…I already live in an Idiocracy. I don’t watch too much TV, regretfully not even my beloved ‘IT Crowd‘, ‘Discovery Channel’, ‘History Channel’, CNN (Spanish version), other news, and some stand-ups (’monólogos’ in Spanish), so I had to find out about "Idiocracy" (the movie) thanks to ‘Soy Geek‘. It seems I don’t have to regret that much have had no such notice of the movie, since the box office was such low they took it out inmediately from the screens (that is, not much advertising on this masterpiece); this is what I call a ‘death by success’: yes, it was a success, they anticipated the future in such a way we should be categorise the movie as a ‘reality show’ rather than ’sci-fi’ (that’s why everyone hated the movie!!!).

From OR perspective what really liked was to see the Gaussian Curve to show the military listening to the doctor that was preparing the experiment the guy he’d choosen to be frozen was ‘AVERAGE‘. He damned really was (that point where average equals median equals mode)… until he awakes… the distribution has changed… and he’s now in the upper tail!!!, ‘King of the World’!!!.
Morale: No matter how you’re, you’ll always be who you’re in comparison to others.
Hey!, No one told us Statistics was a good subject for ‘morales’!. I personally don’t like this morale.
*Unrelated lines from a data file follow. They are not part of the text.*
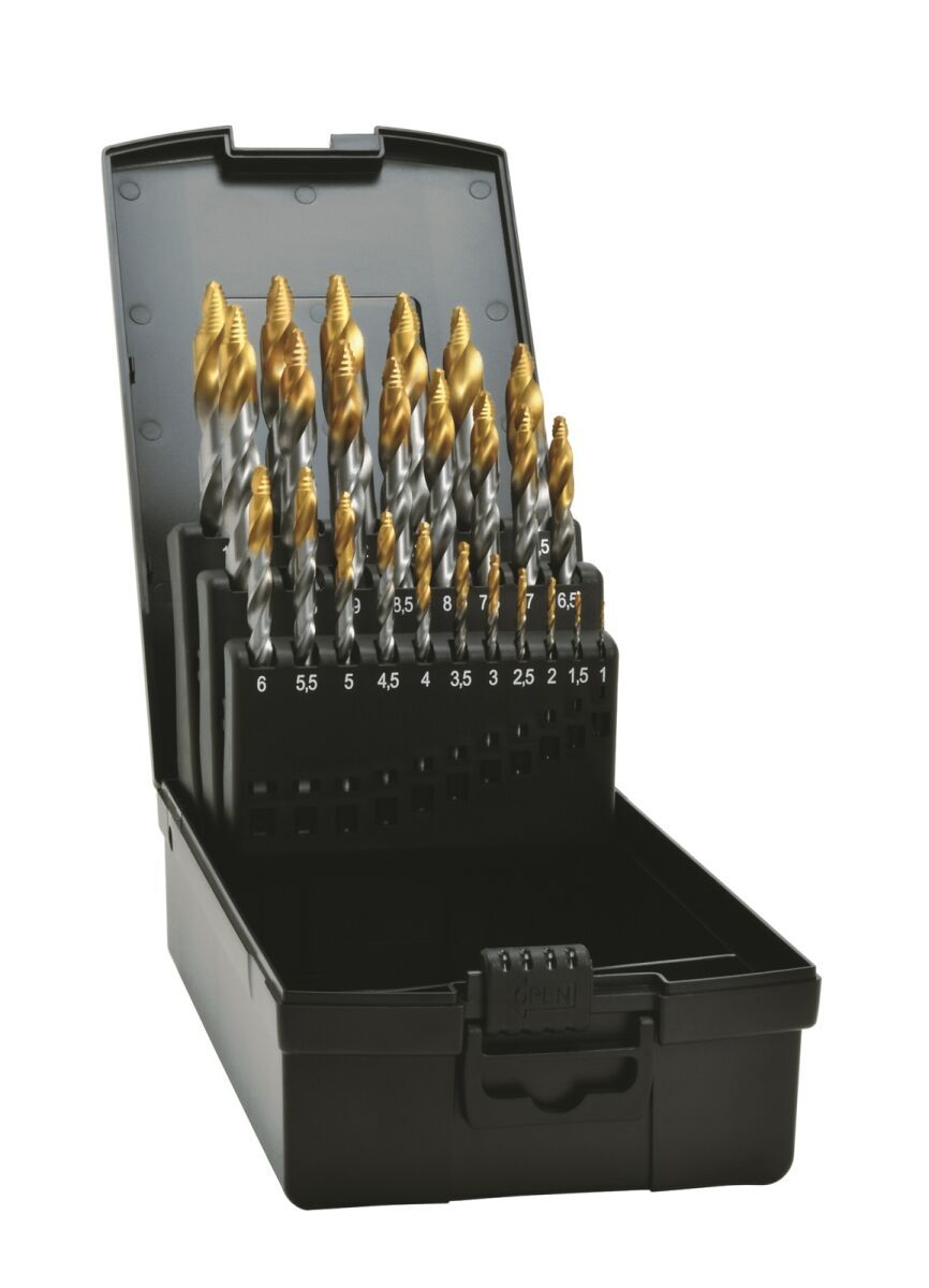 Een HSS DIN 338 ADVANCEDLINE spiraalborenset. Deze set bevat de speciaal ontwikkelde spiraalboren met de STEP-technologie. Met minimale inspanning zijn zuiver ronde gaten met braamvrije boorzijde mogelijk. De boren zijn voorzien van een 3-vlaks opname, 118° tophoek en een TiN-Tip coating.
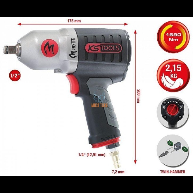 MONSTER seeria löökmutrikeeraja. Oma klassi võimsaim! Kolmeastmeline löögijõu reguleerimise võimalus korpuse tagaosas. "Twin Hammer" löökmehhanism. Libisemiskindel käepide. 1/2" keeramisadapter. Keeramismoment 510-931 Nm, max 1690 Nm (lahtikeeramisel). Pikkus 200 mm. Kaal 1,99 kg. Keskmine õhukulu 178 l/min. Vooliku min Ø 10 mm. Töörõhk max 6,3 bar. 1/4" kiirliide (kaasas).
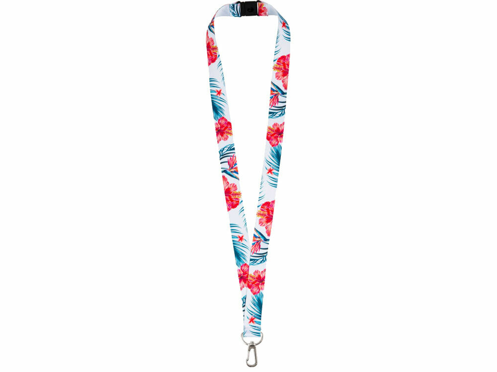 Ланъярд 2 см под сублимацию с карабином и замком обрыва, серебристый в ассортименте цветов, материалов и моделей
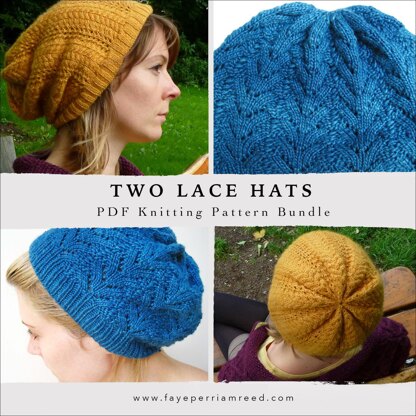 A mini knitting pattern bundle of my two best-selling hats. Both patterns have been written with instructions to work flat or in the round so they are suitable for knitters new to lace or knitting on DPNs or circular needles.

Recently I had my private nightmare trying to explain…, well, better defend our poor ‘average’; it is most probably the most used and abused statistical measure, and is not always well employed. For starters, the biggest confussion between it and the ‘mean’ in probabilistic contexts; then, some misunderstandings on the use of the ‘median’, an ‘average’ ‘mean’ s cousin. Following with the lack of sampling information (type of sampling, sampling error, confidence, variance), and finishing with this post that hasn’t closed the gap between previous knowledge and current knowledge on the matter, for sure…, but that’s another history.
Yesterday I was talking to my friend and colleague Pau Rausell-Köster, from the Research Unit in Cultural Economics (Universitat de València), about the Netflix Prize. We were discussing about the foundations of taste and preferences, and how it was quite difficult to, by means of a devil reductionism, create a mathematical model that could predict how you’re going to rate a movie. The question was: it works!.
This conversation though led to another mathematical model it’s been used for a while by a company called Polyphonic HMI S.L. to predict if a song will be successful (aka “a HIT”). They use a methodology they have named as “Hit Song Science”, which basically uses “Spectral Decomposition” to get different musical attributes for all the songs they have analysed (3.5 million to date). They, they apply clustering techniques to the songs that have been a success (aka “a HIT”) in the last 5 years (I imagine, the time-frame is just to take out the trends and account for changes/evolution in people’s preferences). Then, they are able to predict if a new song will succeed in the market and they asign a rating (controlling type-I error).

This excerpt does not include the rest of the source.